> [Required action]: Leaving out the pictures, retype exactly the lines from the one holding "Geben Sie nun" through the end of the material.

> [Data to use]:

··········

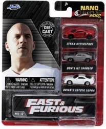 Vivi l'emozione con le nano auto del film Fast & Furious. Questo set di tre modelli dettagliati include vetture iconiche come Lykan Hypersport, Dodge Ice Charger e Supra bianca, che porteranno l'azione direttamente a casa tua.
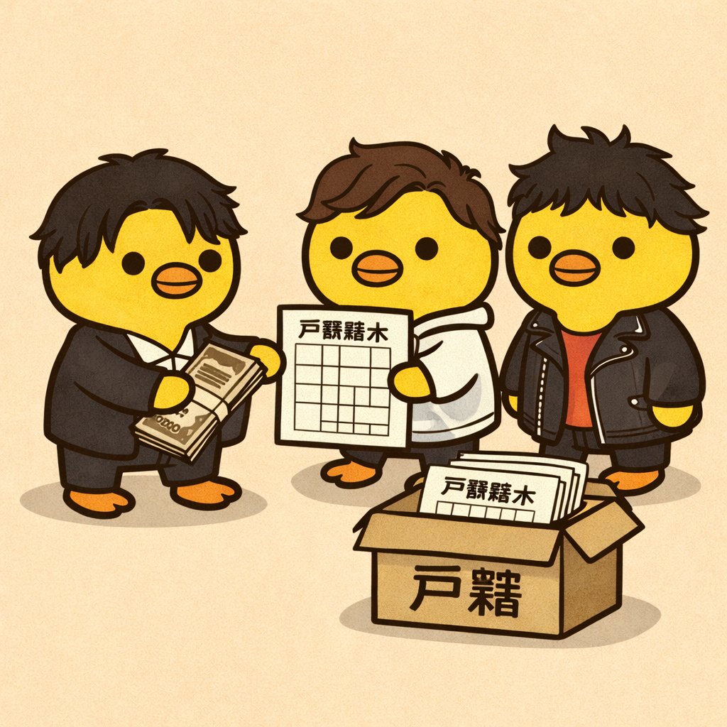 戸籍の売買のイメージです。これじゃあ、すぐ捕まりそうですね💦
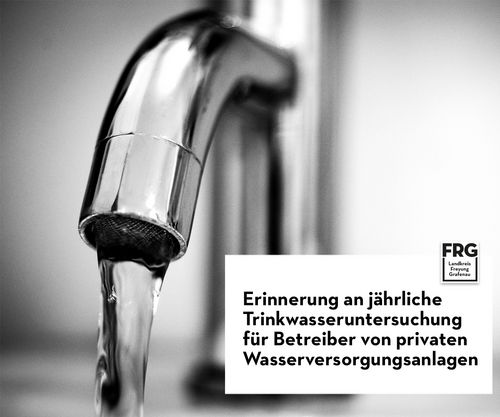 Das Gesundheitsamt Freyung-Grafenau möchte hiermit die Betreiber von privaten Wasserversorgungsanlagen an die jährliche Trinkwasseruntersuchung erinnern. Wer die Analyse für das Jahr 2025 noch nicht beauftragt hat, sollte dies zeitnah bei einem zugelassenen Labor nachholen. Die Befunde der Untersuchung sind nach Erhalt dem Gesundheitsamt Freyung-Grafenau vorzugsweise per E-Mail an trinkwasser@landkreis-frg.de zu übermitteln. Bei Fragen stehen die Mitarbeiter des Gesundheitsamtes über die genannte E-Mailadresse oder telefonisch unter 08551/57-4000 zur Verfügung.
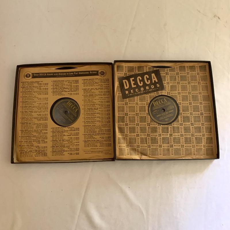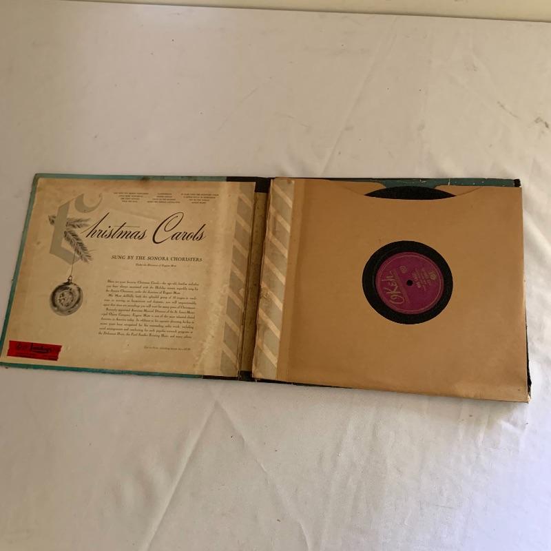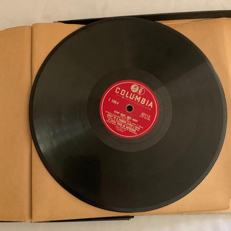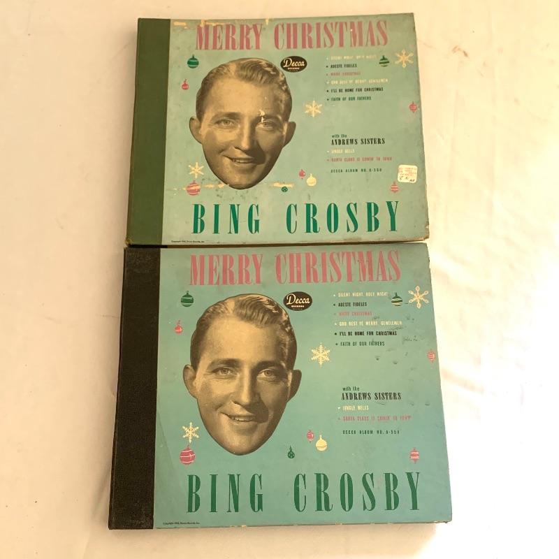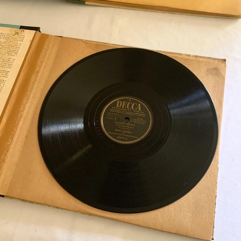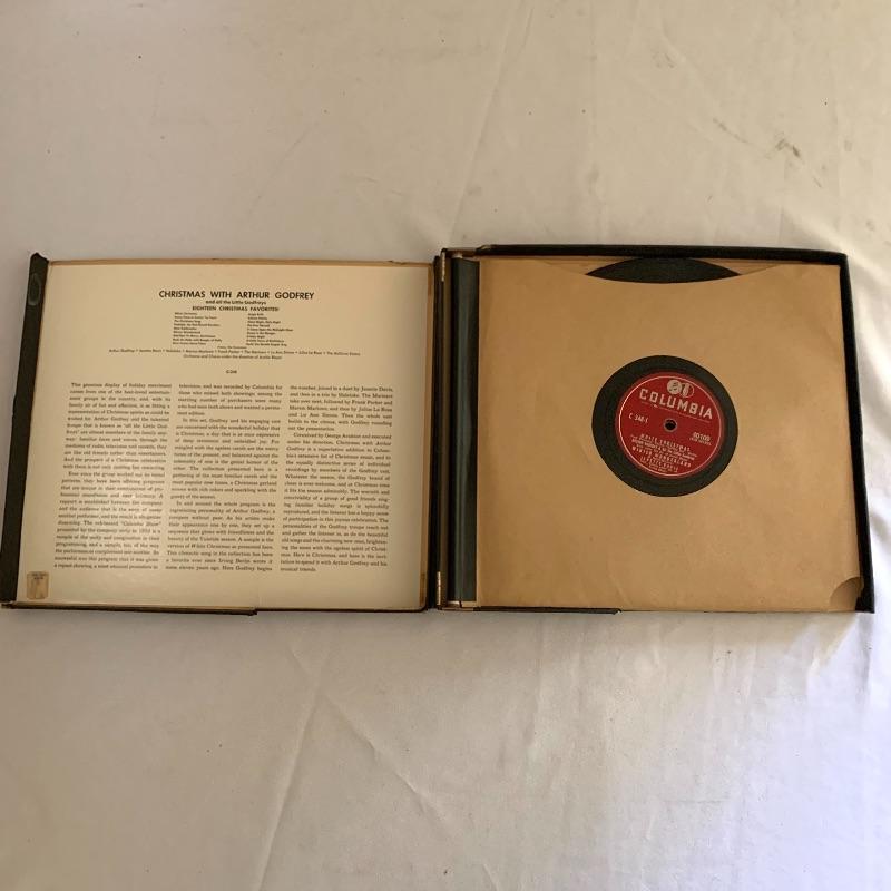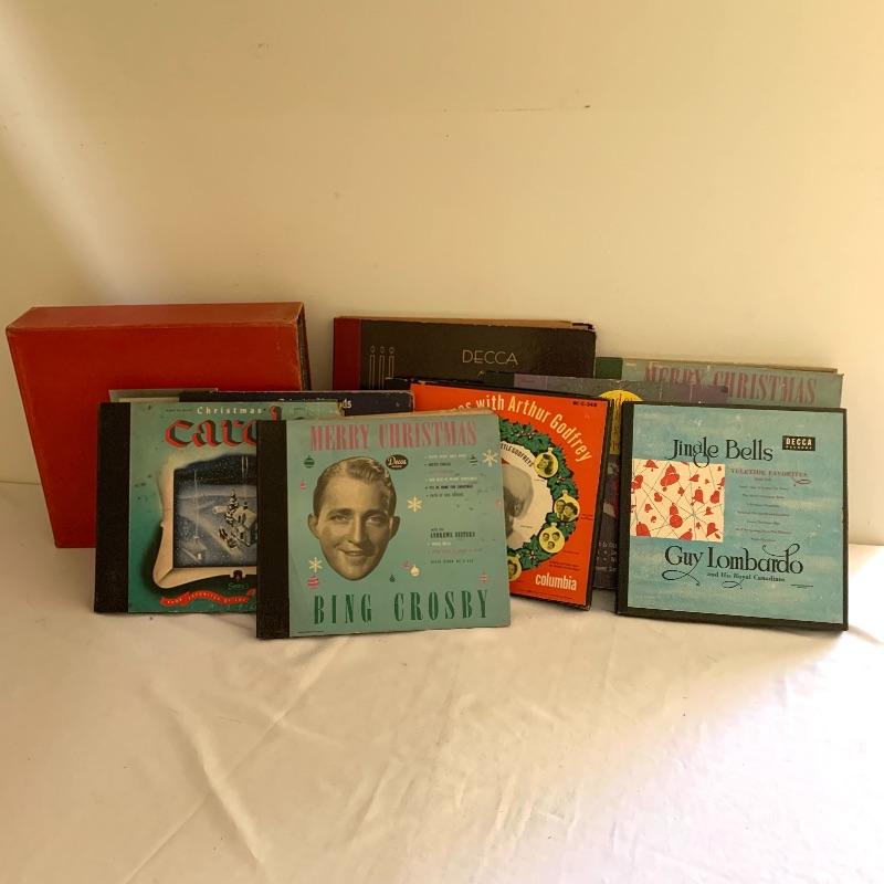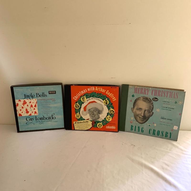 This lot includes various Christmas album sets. Including: Christmas with Arthur Godfrey, Merry Christmas by Bing Crosby, Jingle Bells by Guy Lombardo, and more. Most are 10” 78s vinyl records. Charles Dickens “A Christmas Carol” and Handel’s “The Messiah” are 12” 78s. The Under the Christmas Tree set by Jan Garner is missing a record and the ones that are included have some chips.
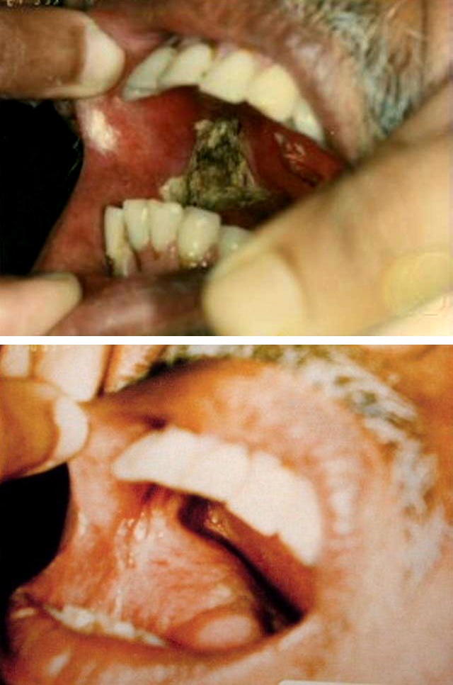 The most suitable treatment protocol depends on cause and extent of the necrosis. Relatively limited necrotic lesions from minor infections or other lesions of the oral mucosa may be treated conservatively. Conservative treatment includes a range of antiseptic mouthwashes, appropriate analgesia and some form of ‘bandaging’ of the oral mucosa by application of a gel that provides a protective thin film as well as some degree of pain relief. Figure 3 shows an example of necrosis of the oral mucosa shortly after photodynamic therapy and after three months.
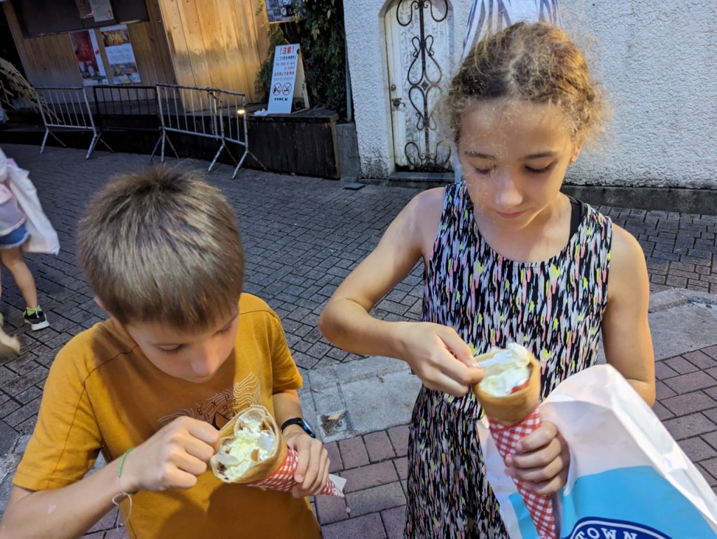 A Tokyo nous avons mangé une crêpe-glace. C’était très bon et très original car la crêpe remplaçait le cornet. Il y avait beaucoup de choix, tout était présenté en vitrine !
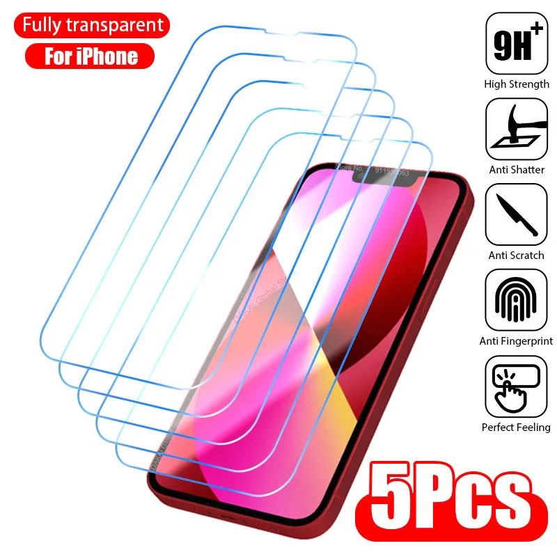 Comprar Protector de pantalla de vidrio templado para iPhone, 15, 14, 13, 12, 11 Pro Max, SE 2020, 2022, XR, X, XS Max, 13, 12 Mini, 14, 15, 7, 8, 6, 6s Plus, 5 unidades
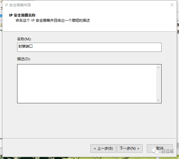 6、在第二步的名稱中輸入“封禁端口”然后一路“下一步”
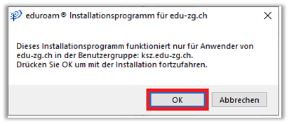 Geben Sie nun ihren Login-Daten (username@ksz.edu-zg.ch) und das eduroam Passwort aus dem «SchulNetz» ein, danach auf „OK“
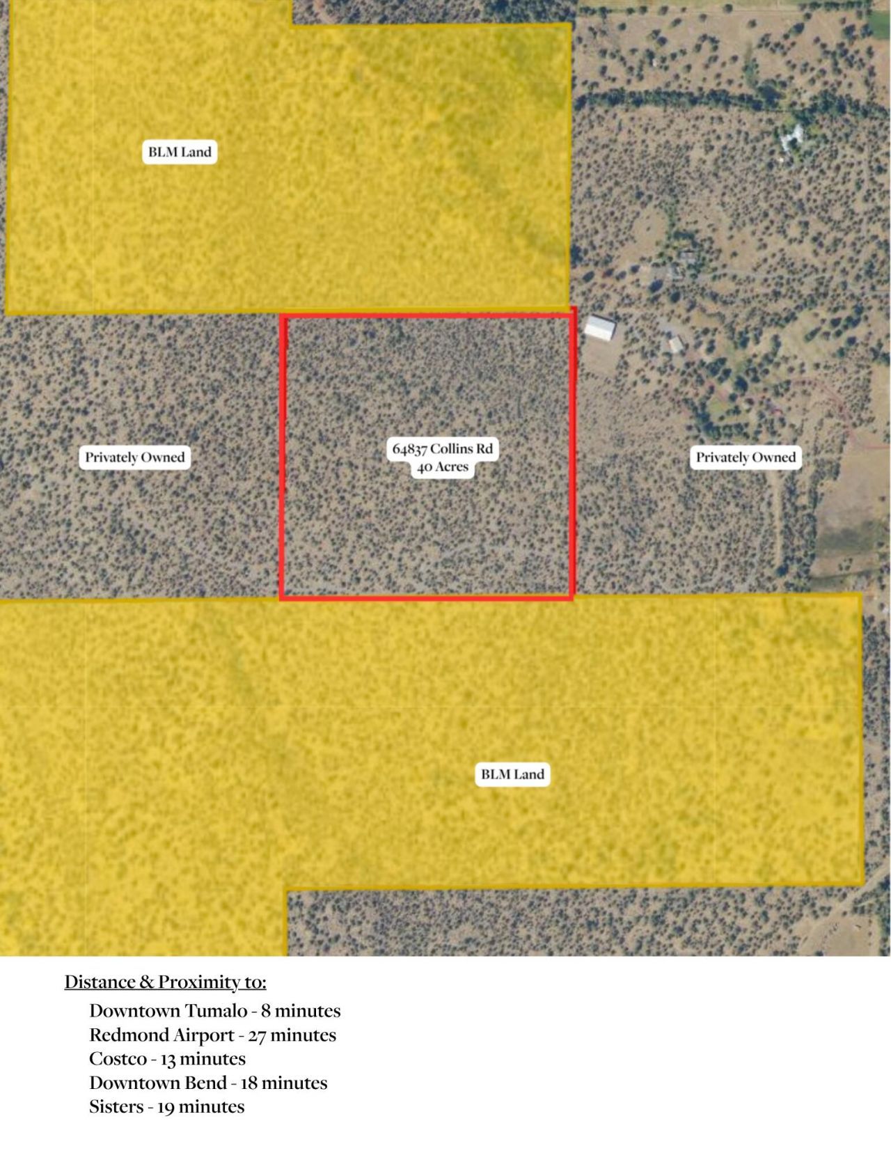 Discover this perfect untouched 40 acre canvas to build your dream home at 64837 Collins Rd in scenic Tumalo, Bend, Oregon. This spacious 40 acre parcel blends tranquility and convenience, with Mt Jefferson views as it is located minutes from downtown Bend, shopping, restaurants + touches BLM land/open spaces on both the north and south property line. Highlighted improvements include an approved Conditional Use Permit (CUP) to build your dream home, shop etc, a gravel road, and a shared road and shared road agreement with the neighbors. Take advantage of this serene setting, prime location and exceptional build site for your future home. Call us today for a private tour!
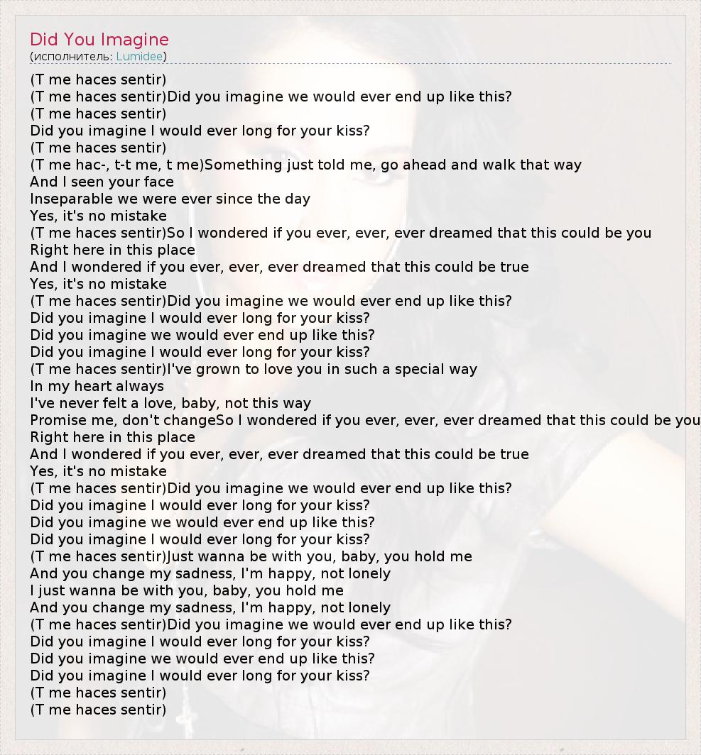 А как ты думаешь, о чем песня "Did You Imagine" ?
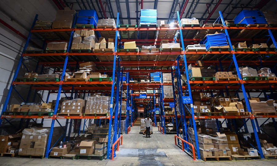 2022年9月2日,在杭州綜合保稅區(qū)一家跨境保稅倉內(nèi),工作人員在搬運(yùn)跨境電商保稅進(jìn)口商品。新華社記者 徐昱 攝
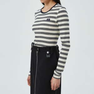 GANNI Striped Soft Cotton Rib Long Sleeve T-Shirt - Sky Captain
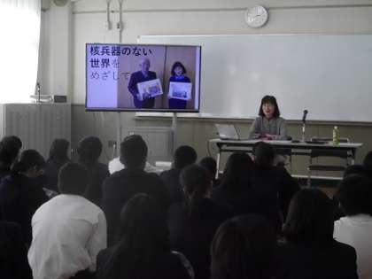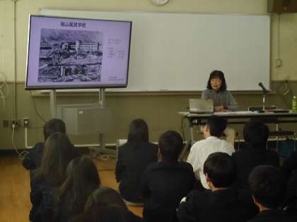 午後、9年生では「平和学習」 として、原爆被爆者の体験を引き継いだ次世代の証言者を長崎からお招きし、交流証言講話 をお聴きしました。
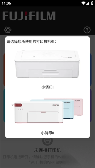 1、于本站下载并安装富士打印app,安装完成后打开该应用,此时会弹出打印机选择界面,按照打印机型号进行选择。在此过程中,需开启手机的WI-FI功能,并使手机与打印机成功联机。
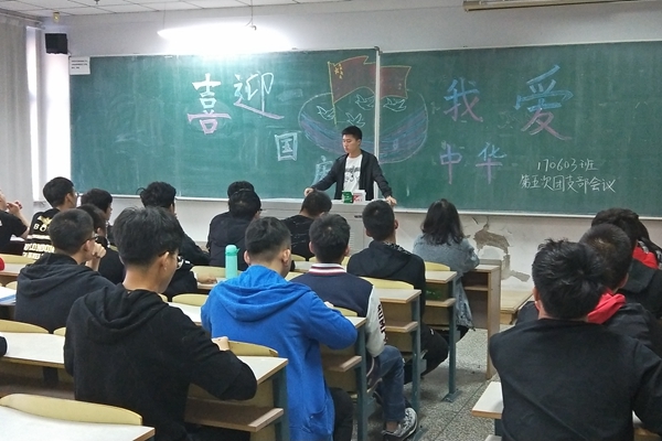 新闻网讯(通讯员宋佳音)为深入开展“学习筑梦”行动和“青年大学习”行动,培养团支部成员的爱国主义精神。9月26日,在祖国的六十九周年华诞即将到来之际,170603班团支部在南湖校区科研楼2301室举行“喜迎国庆,爱我中华”主题团支部会。会议由团支部书记刘香池主持,组织委员常新代负责记录,团支部全体成员参加此次了会议。
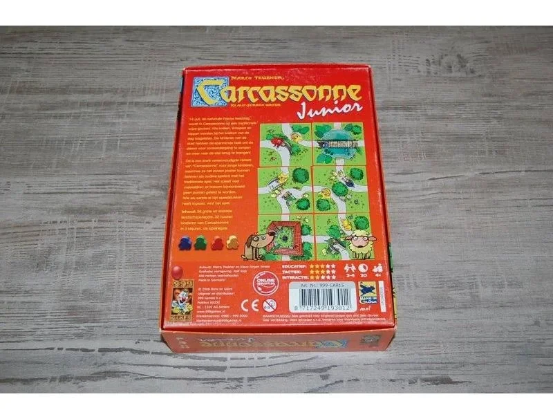 Carcassonne Junior is een bewerking van het bekende basisspel Carcassonne. Deze vereenvoudigde versie is al geschikt voor kinderen vanaf 4 jaar. Je krijgt 8 houten speelstukken, de zogenaamde kinderen van Carcassonne. Je legt landtegels aan elkaar. Als een weg is afgebouwd, mag je een van je speelstukken op die weg zetten als jouw kleur erbij staat.

··········

> [Output of the exercise]:
 Geben Sie nun ihren Login-Daten (username@ksz.edu-zg.ch) und das eduroam Passwort aus dem «SchulNetz» ein, danach auf „OK“
 Discover this perfect untouched 40 acre canvas to build your dream home at 64837 Collins Rd in scenic Tumalo, Bend, Oregon. This spacious 40 acre parcel blends tranquility and convenience, with Mt Jefferson views as it is located minutes from downtown Bend, shopping, restaurants + touches BLM land/open spaces on both the north and south property line. Highlighted improvements include an approved Conditional Use Permit (CUP) to build your dream home, shop etc, a gravel road, and a shared road and shared road agreement with the neighbors. Take advantage of this serene setting, prime location and exceptional build site for your future home. Call us today for a private tour!
 А как ты думаешь, о чем песня "Did You Imagine" ?
 2022年9月2日,在杭州綜合保稅區(qū)一家跨境保稅倉內(nèi),工作人員在搬運(yùn)跨境電商保稅進(jìn)口商品。新華社記者 徐昱 攝
 GANNI Striped Soft Cotton Rib Long Sleeve T-Shirt - Sky Captain
 午後、9年生では「平和学習」 として、原爆被爆者の体験を引き継いだ次世代の証言者を長崎からお招きし、交流証言講話 をお聴きしました。
 1、于本站下载并安装富士打印app,安装完成后打开该应用,此时会弹出打印机选择界面,按照打印机型号进行选择。在此过程中,需开启手机的WI-FI功能,并使手机与打印机成功联机。
 新闻网讯(通讯员宋佳音)为深入开展“学习筑梦”行动和“青年大学习”行动,培养团支部成员的爱国主义精神。9月26日,在祖国的六十九周年华诞即将到来之际,170603班团支部在南湖校区科研楼2301室举行“喜迎国庆,爱我中华”主题团支部会。会议由团支部书记刘香池主持,组织委员常新代负责记录,团支部全体成员参加此次了会议。
 Carcassonne Junior is een bewerking van het bekende basisspel Carcassonne. Deze vereenvoudigde versie is al geschikt voor kinderen vanaf 4 jaar. Je krijgt 8 houten speelstukken, de zogenaamde kinderen van Carcassonne. Je legt landtegels aan elkaar. Als een weg is afgebouwd, mag je een van je speelstukken op die weg zetten als jouw kleur erbij staat.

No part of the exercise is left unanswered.